То, что верно в отношении выбора слов, верно и в отношении богословских систем. Ценность этих систем заключается в значении, на которое они указывают. Точно так же, как слова не могут содержать трансцендентную истину, а только указывают на нее, так и системы, опирающиеся на слова и технические определения, данные таким словам, не могут постичь трансцендентную истину, а могут только указывать на нее. Различные богословские системы развивались с течением времени. Каждая из них предлагает нам способы постижения богословских истин. Они помогли нам найти какое-то объяснение великим тайнам веры и тем самым предоставили базовую основу, в которой люди нуждались, чтобы верить. В этом отношении они оказали большую услугу вере.
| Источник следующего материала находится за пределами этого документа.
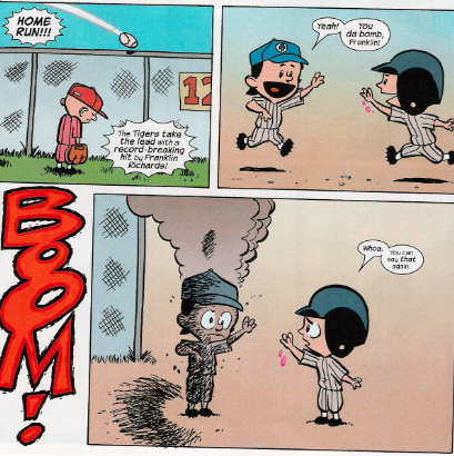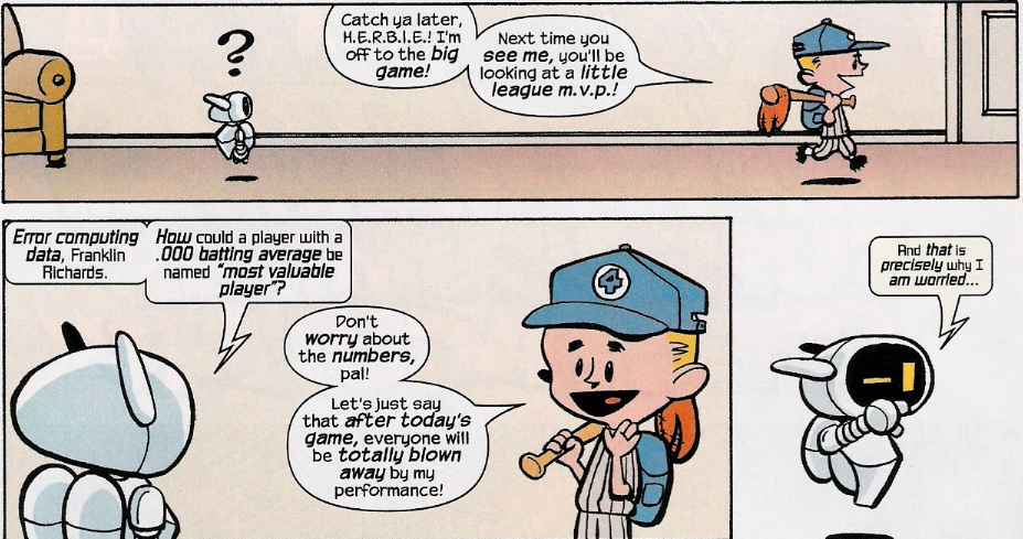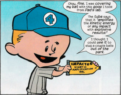 So, just before the game (where we see Mr. Fantastic using his stretching powers to create a “We’re number one” finger), Franklin starts rubbing some sort of goo upon his bat. Not surprisingly, this is what his plan is, as he helpfully explains when HERBIE accosts him for this:

Проблема, с которой мы должны столкнуться и отбросить, заключается в замешательстве, которое испытывают некоторые люди, считающие, что одна конкретная богословская система представляет собой истину, и поэтому только те, кто следует ей, могут постичь истину. Когда это происходит, теологическая истина теряется, поскольку ограниченное осознание и потенциал, присущие любой данной системе, мешают тем, кто абсолютизирует такую систему, искать и переживать трансцендентную истину. И когда встречаются две соперничающие богословские системы, если их приверженцы понимают ограничения своей конкретной системы, они могут учиться и ценить друг друга. Но если они являются строгими приверженцами своих систем, так что они путают истину как только с тем, что содержится в их системе, тогда они стремятся критиковать и отвергать любую другую систему и таким образом неверно истолковывают другую систему, чтобы оправдать свою критику. Это часто происходит в католических и православных богословских дебатах, например, в том, как некоторые томисты обращаются к Паламе или как некоторые православные обращаются к filioque[3]. дебаты сосредотачиваются на внешнем, а поскольку внешние детали различны, они никогда не сойдутся.

Богословские дебаты сложны. Его нельзя превращать в бесплатное для всех. Не все, что можно утверждать или подразумевать, является правдой. Но проблема в том, что мы должны выяснить предполагаемый смысл любого данного утверждения. Иногда это легко, поскольку автор дает нам достаточно материала, чтобы мы могли понять, что он имеет в виду под конкретными словами. Часто это не так, и все гораздо сложнее, например, когда мы пытаемся понять, что имел в виду автор, когда у нас есть только несколько фрагментов его работ, которые можно использовать для установления такого понимания. Когда у нас есть лишь ограниченная способность интерпретировать конкретный текст или богословскую традицию, нам важно отметить возможный диапазон интерпретаций, которые могут быть получены из него, указать, какие из них приемлемы, а какие нет. Затем, если у нас нет доказательств обратного, мы должны предположить, что одно из приемлемых значений - это то, что имелось в виду, чтобы дать как можно более благосклонное толкование, чтобы поддержать любовь и уважение, которые мы как христиане должны испытывать к каждому. Другой.

[1] См., например, св. Кирилл Александрийский, «Письмо 39» в Письмах 1-50. Транс. Джон И. МакЭнерни (Вашингтон, округ Колумбия: CUA Press, 1987), 147-52.

[2] Вот почему в современных экуменических выступлениях, где мы обнаруживаем, что эта проблема была признана, христиане, наконец, могут выйти за рамки вопроса выбора слов и посмотреть на значение, подразумеваемое обеими сторонами, и найти общее единство веры, допускающее официальные заявления, указывающие на их общее христологическое понимание.

[3] Например, мы находим многих томистов, ложно утверждающих, что Палама отрицал божественную простоту. Если бы они изучали Паламу, то узнали бы, что она не только не отрицает божественной простоты, но и является основой его богословской системы. См., например, Маркус Плестед, «Св. Григорий Палама о Божественной простоте» в Modern Theology vol. 35 нет. 3 (2019): 508-521 и Марк К. Спенсер, «Гибкость божественной простоты: Фома Аквинский, Скот и Палама» в International Philosophical Quarterly vol.57 нет. 2 (2017): 123-139.